借金をして死ぬと家出《続・気軽にSOS》144
2023年12月6日
【コラム・浅井和幸】日々、様々な相談に対応している浅井心理相談室。過去に下記のようなやり取りがあったとか、なかったとか。 「甥(おい)っ子が家出をして、どうしてよいかわからない」と、叔母に当たる女性から相談がありました。親子の不仲が原因の一つであるのは間違いないのですが、甥っ子は借金をしていました。無職の甥っ子は母親(来談者の姉)にそれをとがめられ、死んでやると家出をして、1週間ほど行方不明になっていました。 LINEをしても、電話をしても、応答がありません。うろたえている姉を見かねて、その方は相談に訪れたそうです。もう諦めたほうがよいのでしょうかという来談者に、とりあえず下記のことをしてみるように伝えました。 ▽今までの半分のペースで、LINEを送る。内容は、何かをアドバイスするのではなく、心配しているとか、あいさつ程度の短い内容のものにする。 ▽LINEで、浅井という人に相談していることを伝える。
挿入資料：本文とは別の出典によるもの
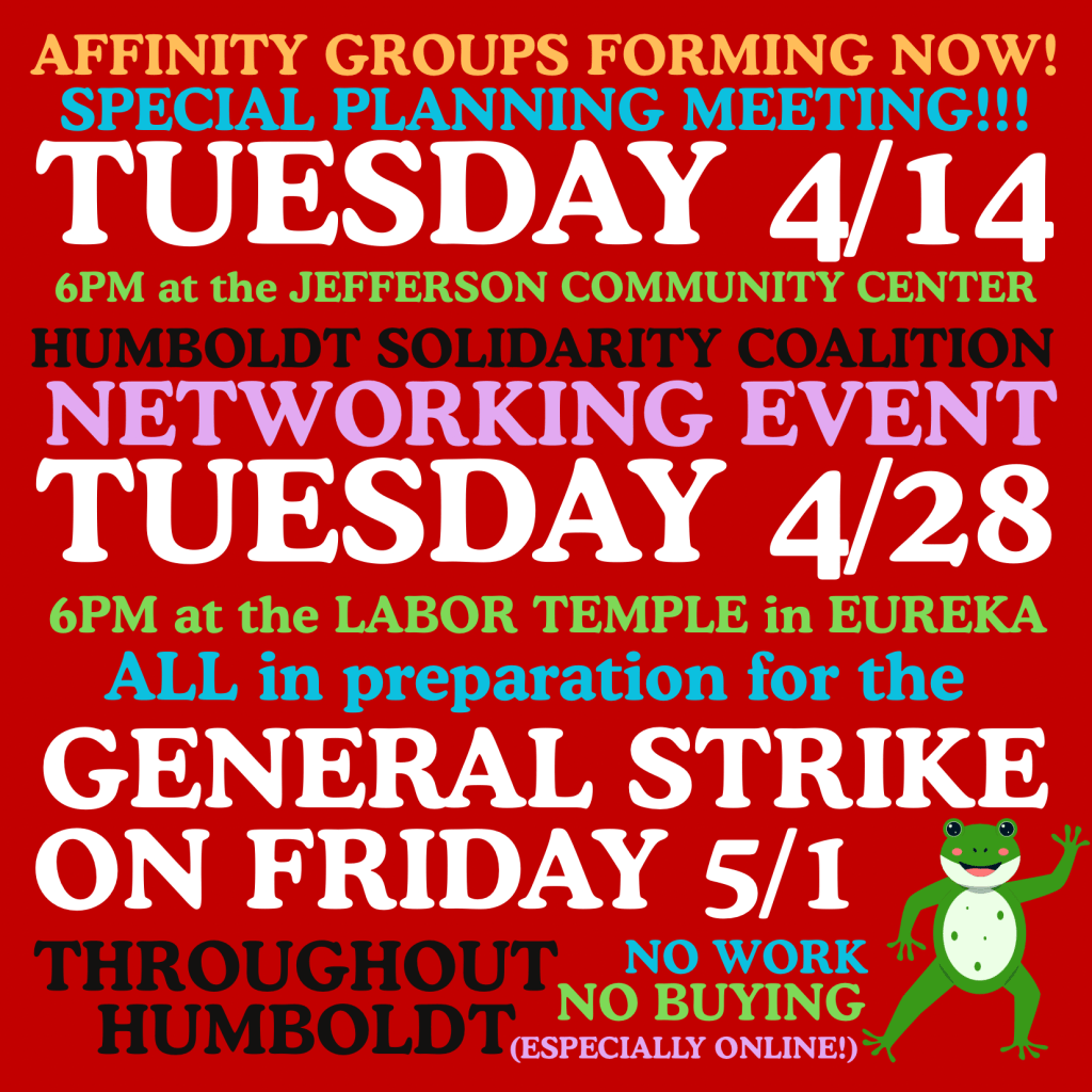 Fourth Tuesdays of the month at 6pm — Humboldt Solidarity Coalition’s Networking Event at the Labor Temple at 840 E Street in Eureka. Solomon co-hosts with Elle Penner. Learn more at humboldtsolidaritycoalition.wordpress.com

電話番号も一緒に。心配しているよと。 「アルバイトで返せる額じゃないかな」 次の日の昼、来談者の甥っ子から私に電話がかかってきました。 浅井「はい、浅井です」 甥っ子「〇〇です。叔母から聞いて電話をかけています」 浅井「ずいぶん、つらそうだね。力も出ない様子だけど、ちゃんと食べている? 心配だな」 甥っ子「一昨日ぐらいから何も食べていません。もう死にたいです。死ぬしかないんです」 浅井「どうして?」 甥っ子「借金をして、仕事もしていないし、返せないし…。このままだと、親にも迷惑をかけてしまうから」 浅井「そうなんだ。それはつらいね。ところで、君みたいに若い男の子が死ななければいけないほどの借金って、何億円ぐらい借りたの? というか、よくそんなに借りることができたね」 甥っ子「いえ、そんなには大きい額では…」 浅井「そっか。じゃ、何千万円ぐらい借りたの?」 甥っ子「いえ、そんなには…」 浅井「そうかぁ。細かくはいいから、だいたい、どれぐらいの借金があるの?」 甥っ子「〇〇〇万円です」 浅井「それは大変だね。でも、そのぐらいの額だったら、ちょっと良い大きめのバイクか、軽自動車の新車が買えるぐらいだね。君ぐらい若い男の子ならば、その辺のアルバイトをして返せる額じゃないかな」 甥っ子「そんな感じですか? でも、何もかも嫌になって」 「今日1日は生き、また電話して」 この間に色々と話をして、本人の様子や、どんな場所にいるのか、雰囲気で予想していました。 浅井「でも周りが敵ばかりに感じて、つらいよね。もうどうなってもよいって感じるんだね」 甥っ子「はい」 浅井「遠くにいるということだけど、場所さえ教えてくれれば、迎えに行くか、何か方法を考えるよ。でも、すぐにとも、無理にとも言わない。その代わり、今日1日は生きてみて。夏だけど、ちょっと外は寒いかな。けど頑張って考えてみて。それでよかったら、明日、また、電話してよ」 甥っ子「わかりました。もういいです」 後日、私が電話をした次の日に帰ってきたと、母親から電話がありました。その後、来談者からも、お礼の電話とおいしいクッキーが届いたとか、届かないとか。いや~、いただきものはうまい。(精神保健福祉士)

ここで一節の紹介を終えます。